I’ve got loads more to tell you, dear Reader, but I think I’ll end for now and then the plan is to do a weekly blog.  Yes I know I’ve said that before. You’ll just have to trust me.

Posted in anal cancer, colostomy, Lynda Bellingham, palliative care, Planning for your future care (Advance Care Planning), Preferred Priorities of Care, Stephen Sutton, terminal cancer | 3 Comments

“You still don’t understand what you’re dealing with do you?”

Oh and it was going so well. I got tired sometimes but I was eating well (really well she says thinking of steak and sweet potato mash and gammon and pineapple and scrambled egg ….hmm? Sorry I just went to my happy place). I even spent a glorious afternoon at the pub outside in the sunshine like a normal person. I’d done enough internet clothes shopping to kickstart the economy of a small country. I was feeling wonderful … Then we get to Wednesday. Ok usual “talk of poo” alert. *pause for few people holding their morning bowl of cocoa pops to leave room*

You know my bum isn’t supposed to be working anymore? Well it started to erm work again and how. It was like “stent gate” all over again. The painful pushing sensation, the adult pull ups, the lack of appetite. By Thursday evening it was decided it was ambulance time again and since Thursday I’ve been startling people on the Danbury ward who remember the relentlessly cheerful one from a couple of weeks ago.

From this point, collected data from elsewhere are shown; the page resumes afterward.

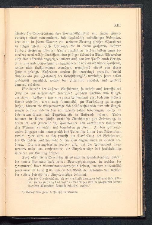 Winter die Gehe-Stiftung ihre Vortragstätigkeit mit einem Einzel-vortrage eines renvmmirten, fast regelmäßig auswärtigen Gelehrten,dein dann in jedem Mvnate ein weiterer Vvrtrag gleichen Charakterszn fvlgen Pflegt. Diese Vorträge, die in einem größeren, mehrerehundert Personen fassenden Saale abgehalten werden, bilden einen be-merkenswerthen Theil des öffentlichen geistigen Lebens der Stadt. Sie werdennicht blos öffentlich angezeigt, sondern auch von der Presse durch Bericht-erstattung und Besprechung ausgezeichnet, so daß au die vielen Tausende,welche uicht theilzunehmeu vermögen, wenigstens etwas von ihremInhalte gelangt. Außerdem werden sie neuerdings gedruckt, sowohleinzeln, als zum „Jahrbuch der Gehestistuug"^) vereinigt, jener vollenPublieität zugeführt, welche die Litteratur gewährt, und zugleichdauernd erhalten.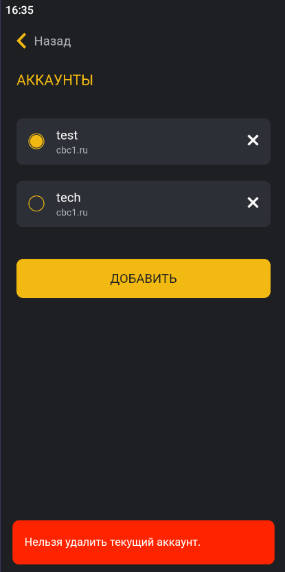 Внимание! Удалить активный аккаунт невозможно — отобразится уведомление.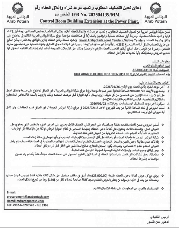 عطاء صادر عن شركة البوتاس العربية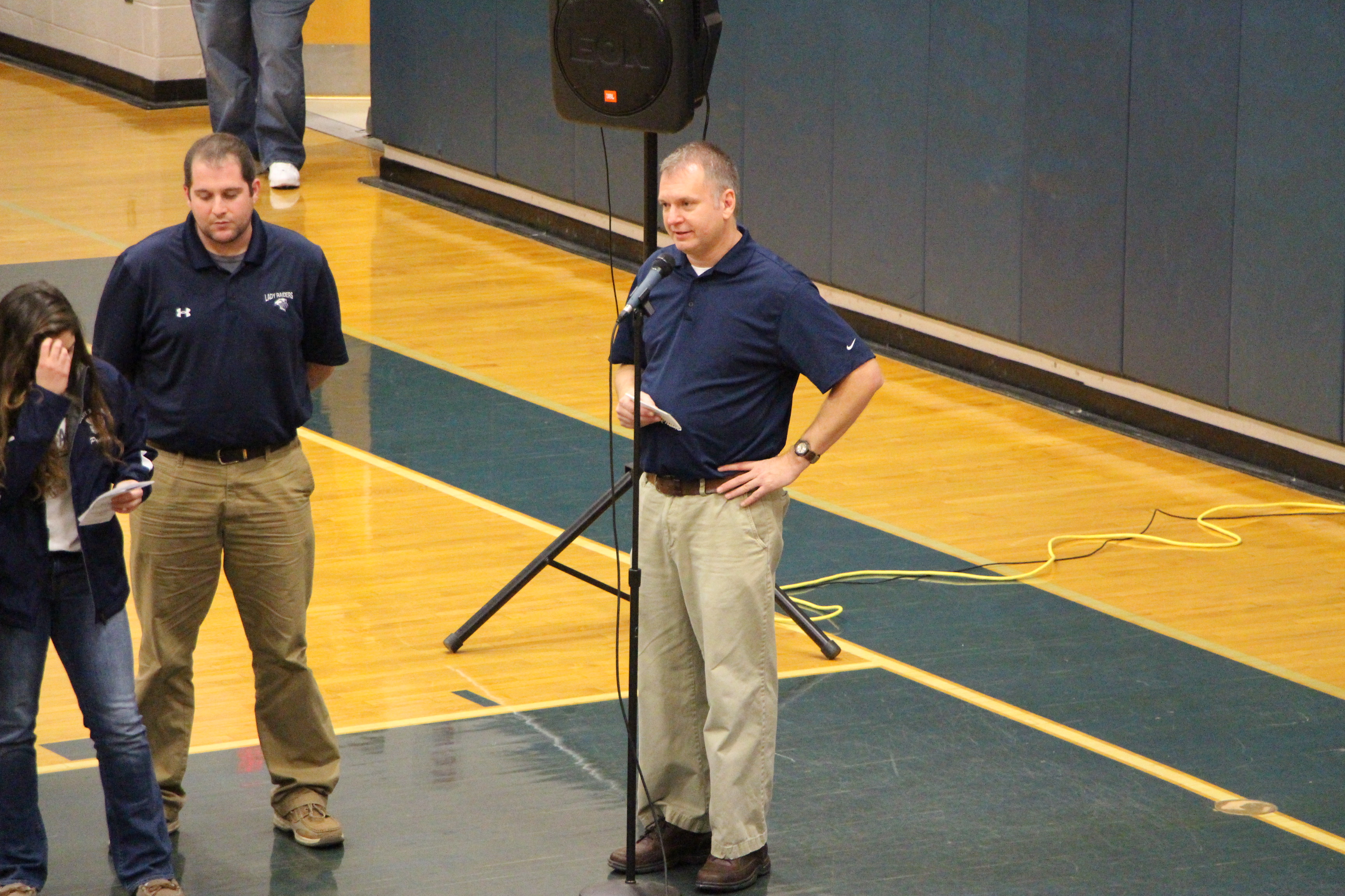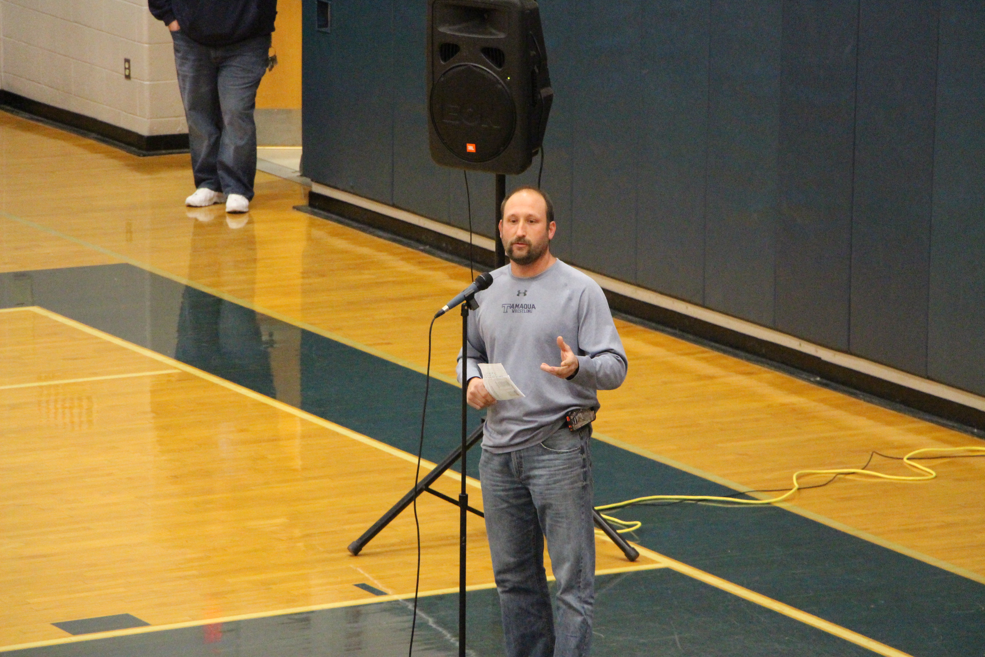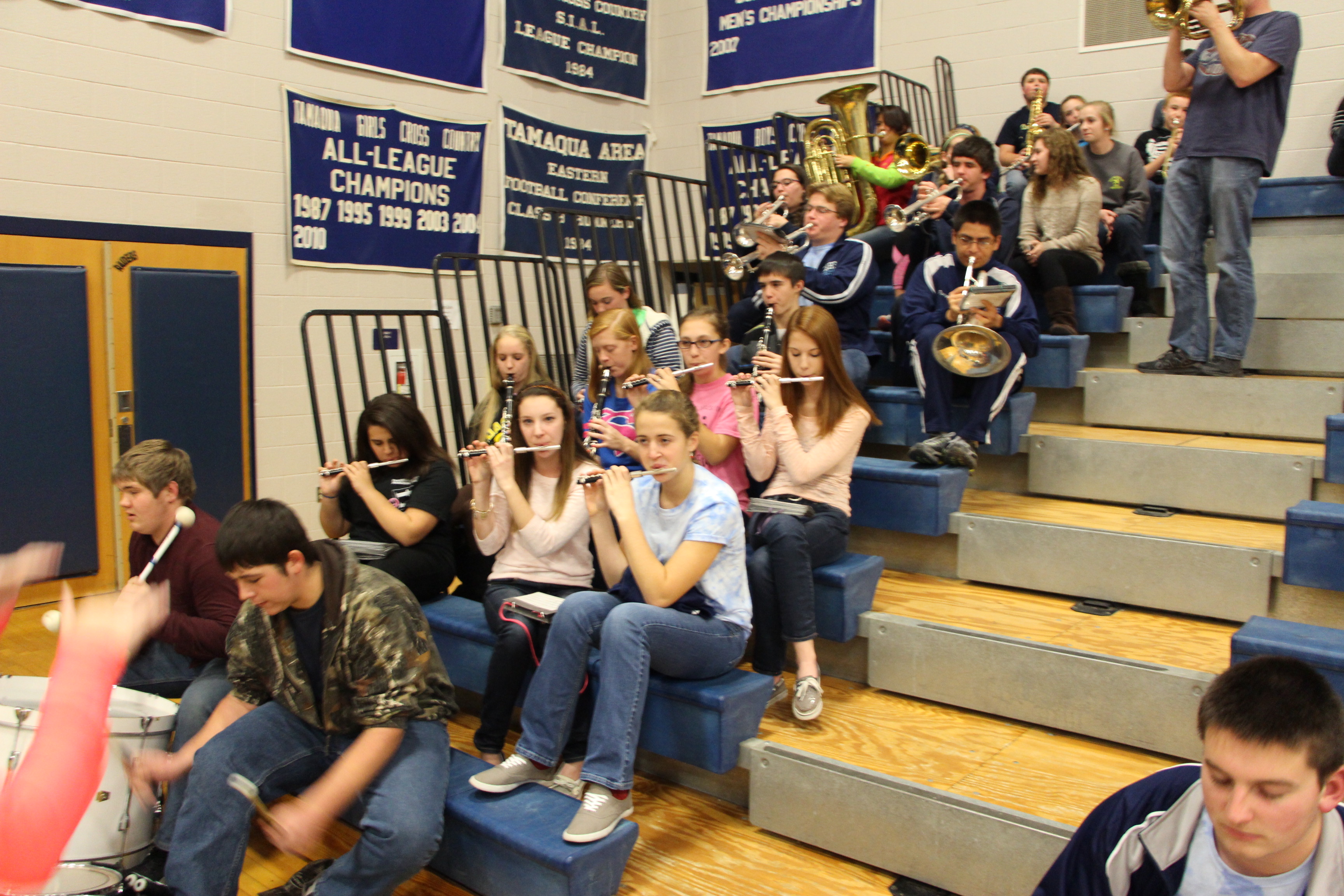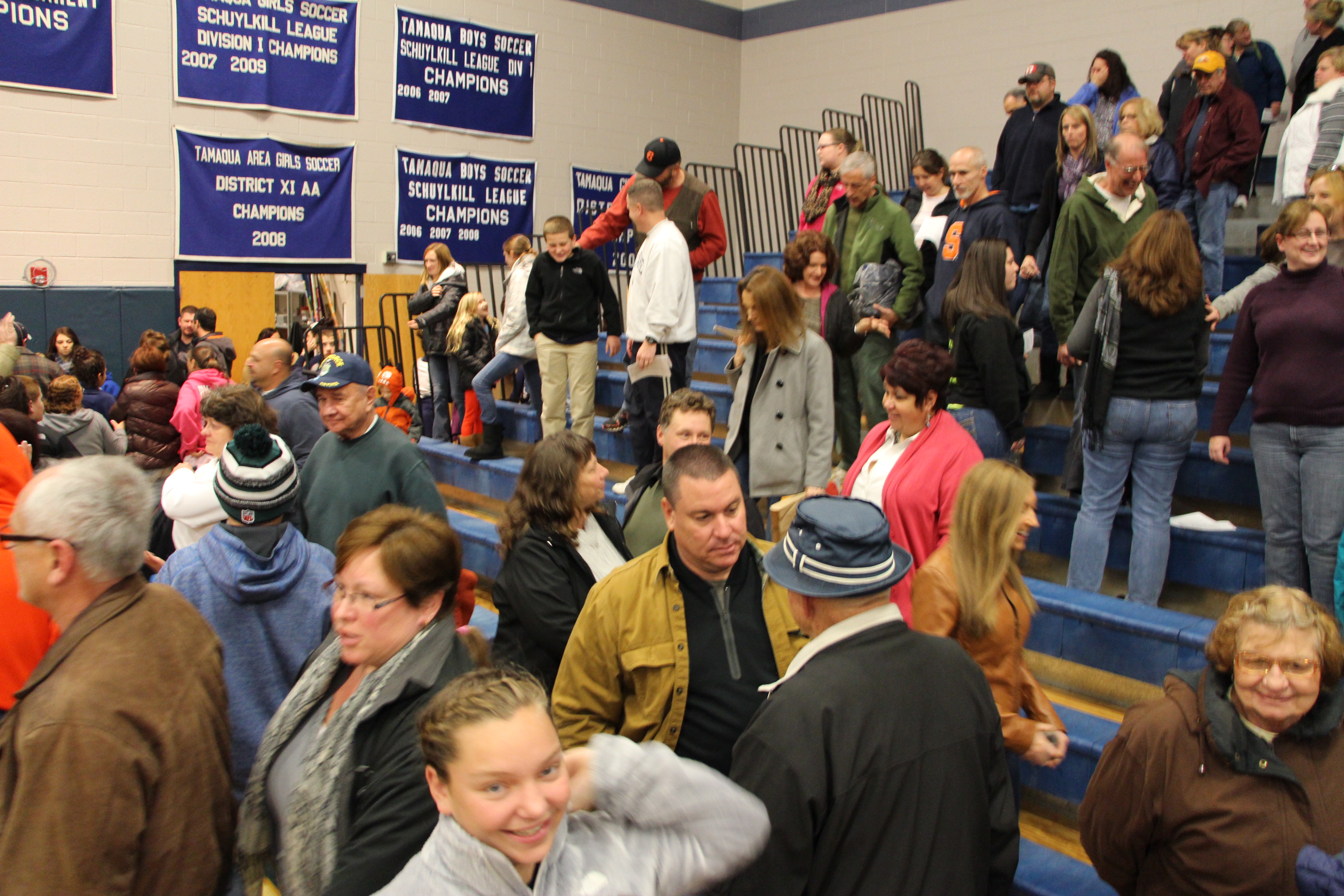 The Tamaqua Area School District held its annual “Winter Meet the Raiders Night” on Wednesday, December 3, 2014 in the Tamaqua Area School District Athletic Center. Members of the boys and girls basketball, wrestling, and swimming programs, along with the cheerleaders, were introduced. The Blue Raider pep band also performed.

I’ve had a steady stream of surgeons, oncologists and what are obviously 12 year olds in their Dad’s scrubs trying to work out what the heck is happening down there. I’m on the incredibly strong antibiotics again. We’re also trying out slow release morphine tablets twice a day. Not saying they make me a bit gormless but the radiologist who did my CAT scan on Friday night said she’d seen many reactions from patients as they were scanned but a big cheesy grin throughout was a first.

I have a theory about what’s going on but I’m just going to keep it to myself and see if they agree on Monday. All I can say is that at time of writing this I’m in bad, bad need of a large bacon roll and a black coffee and not in need of an adult pull up but we’ll see.

Ok gotta go. The tea trolley lady will be here in a sec and I think I’m one of her favourites as I usually get a biscuit. Catch you later.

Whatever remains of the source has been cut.